Think about doing a simple full run off first and then a batch sparge to get to your volume, and see how it measures up compared to your fly sparge results.

Also, a mashout to raise the temperature of the mash will probably help your run off and efficiency.


----------



## jibba02 (28/10/15)

Yob said:


> Fly sparging too fast?
> 
> What are you using to test gravity?


sorry forgot to mention i sparged 30l over 65min. Using a Refrac for measurements


----------



## jibba02 (28/10/15)

warra48 said:


> Fly sparging? Bet you are channeling, rather than rinsing the grains.
> 
> Think about doing a batch run off and batch sparge to get to your volume, and see how it measures up compared to your fly sparge results.
> 
> Also, a mashout to raise the temperature of the mash will probably help your run off and efficiency.


I did a mash out on my first batch and was well under as well


----------



## jibba02 (28/10/15)

Just did a gravity check on the spent grains after mixing and letting them steep for 30 min. gravity is only @ 1.014. So channeling while fly sparging doesnt seem to be the issue 

Grain crush is very fine


----------



## seamad (28/10/15)

If you're milling your own, I've found running it through twice at @ 1.1mm with a pre-wetting helped nudge my effeciency up a bit. I'm running a RIMS so it's a balance between getting stuck and effeciency. I also get a consistent 2-3% drop in effeciency with Maris Otter for some reason. With the refrac ( with ATC) I get some pretty wild readings on brew day due to temp variance or evaporization or something else and now just suck up some wort into a 5ml syringe and check the next day. When getting my numbers sorted I took samples of 1st runnings, sparge, pre and post boil to help work out what was what. Try to get @ 100ppm Calcium in your mash as well.

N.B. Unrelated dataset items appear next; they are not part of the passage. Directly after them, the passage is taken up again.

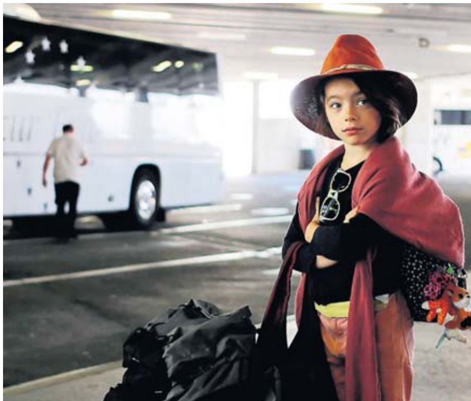
Une jeune baroudeuse en transit hier à la gare routière de Toulouse.
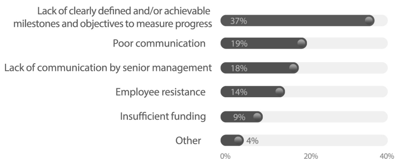
Figura 1. Factores de fracaso, según líderes ejecutivos de proyectos

En el Pulse of the Profession 2023 , los líderes de proyectos «[...] rated communication, problem-solving, collaborative leadership and strategic thinking as the most critical power skills in helping them fulfill organizational objectives» (Project Management Institute 2023, 5), habilidades que ocupan los primeros puestos de importancia a nivel global (véase figura 2). Para el año 2017, el PMI expresó que un futuro desafío para las organizaciones era la comunicación; un quinquenio después, consideran a la comunicación, la resolución de problemas, el liderazgo colaborativo y el pensamiento estratégico como elementos medulares para el éxito de los proyectos, productos o servicios.
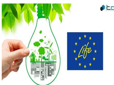
Programa LIFE de la Unión Europea
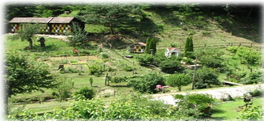
Pogled na vrt medovitih rastlin in čebelnjak čebelarstva Pavlovič
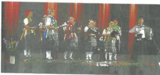
Der deutsche Chor aus Mesch (Mözs)

Danach folgten die Auftritte der eingeladenen Gastchöre, der Deutsche Chor aus Kokersch (Kakasd), aus Mesch (Mözs)
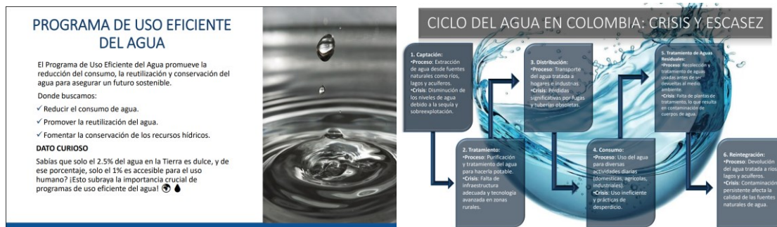
Imagen 1 Recorte de presentación sensibilización Uso eficiente del agua

Estas acciones han buscado sensibilizar a los colaboradores sobre la importancia del uso responsable del recurso hídrico y paralelamente, implementar diversas medidas orientadas a reducir el consumo de agua en la Entidad, promoviendo prácticas sostenibles y alineadas con la protección del medio ambiente.
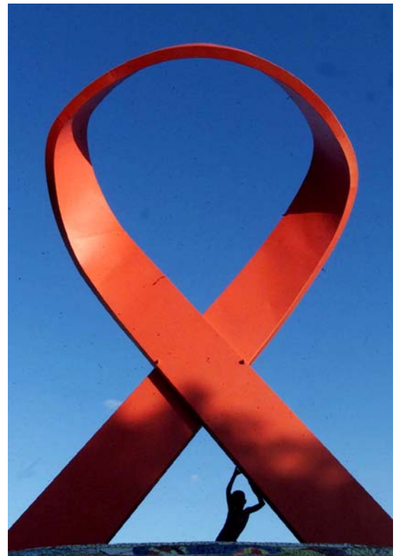
Het aidsmonument in Durban (Zuid-Afrika)

Voor de meeste millenniumdoelen hebben de VN aangegeven wat elk land moet doen om dit millenniumdoel te halen. Bij die doelen is gekeken naar de situatie in 1990 en wordt in procenten aangegeven wat landen moeten doen: extreme armoede moet per land in 2015 met 50% zijn teruggedrongen ten opzichte van 1990; kindersterfte met 66% en moedersterfte zelfs met 75%. Voor het tegengaan van de verspreiding van hiv/aids wordt slechts gesproken van een 'aanzienlijke vermindering'. Nergens staat omschreven wat een 'aanzienlijke vermindering' is. Is dat 10%, 25%, 50% of zelfs meer? Het lijkt erop dat de VN al tevreden zijn als de jaarlijkse groei van het aantal mensen met hiv en aids tot stand kan worden gebracht en de lijn weer omlaag kan worden gebogen.
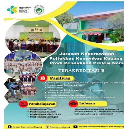
Gambar 6 Brosur Prodi D III Keperawatan & Prodi Pendidikan Profesi Ners

edit: just noticed the rye bit, I've found rye and raw wheat need an extra run or two through the mill by themselves first as they are a bit finer to start with, and some rice hulls too in the mash.


----------



## jibba02 (28/10/15)

seamad said:


> edit: just noticed the rye bit, I've found rye and raw wheat need an extra run or two through the mill by themselves first as they are a bit finer to start with, and some rice hulls too in the mash.


yep i put the rye through twice. it come out like course flower


----------



## jibba02 (28/10/15)

for my last 3 brews, the mash eff has been within 0.4% each other. So consistency doesnt seem to be an issue.


----------



## Damn (28/10/15)

How long you mashing for? When I changed from 60 to 90min my eff jumped 10-15-20%. I'm fairly green at this too, but that what's irks me about BeerSmith is that it doesn't adjust the eff according to the gravity of the beer. I now expect a lower eff on my higher gravity beers....or I should say a greater eff on my low gravity beers. Pistol Patch wrote a good article somewhere on BIAB eff. Try looking here http://www.biabrewer.info/


----------



## Danscraftbeer (28/10/15)

The heavier (high gravity) beers will always be lower in eff too.
A standard dry Pale is usually good eff. Say OG = 1.045, FG = 1.006 ABV = 5.1%. Maybe just go lighter with your grains you may be surprized to hit similar ABV as a heavier grain bill. Batch sparging allows you to gently stir the grains each time you load it with water. It can releases more sugars.


----------



## antiphile (28/10/15)

Would it be possible to export your recipe's .bsmx file and attach it to a post see see if there's anything in there that might help?


----------



## jibba02 (28/10/15)

Bloody ****. i cant upload anything :huh:


----------



## TheWiggman (28/10/15)

What was your grain bill for the quoted recipe and what was the OG and volume? You overshot your volume which will always give you a lower gravity.
I've entered things incorrectly in Beersmith and got odd results that, on the surface, seemed normal.


----------



## jibba02 (28/10/15)

5.2 kg pale malt
2.14 kg rye malt
.5 caramunich 1
.12kg chocolate

OG 1.050
FV 21.5l


----------



## jibba02 (28/10/15)

According to this http://www.theelectricbrewery.com/forum/viewtopic.php?p=298742
My pre sparge gravity should have been 1.099. as i had a ratio of 2.5l liquor per kg malt.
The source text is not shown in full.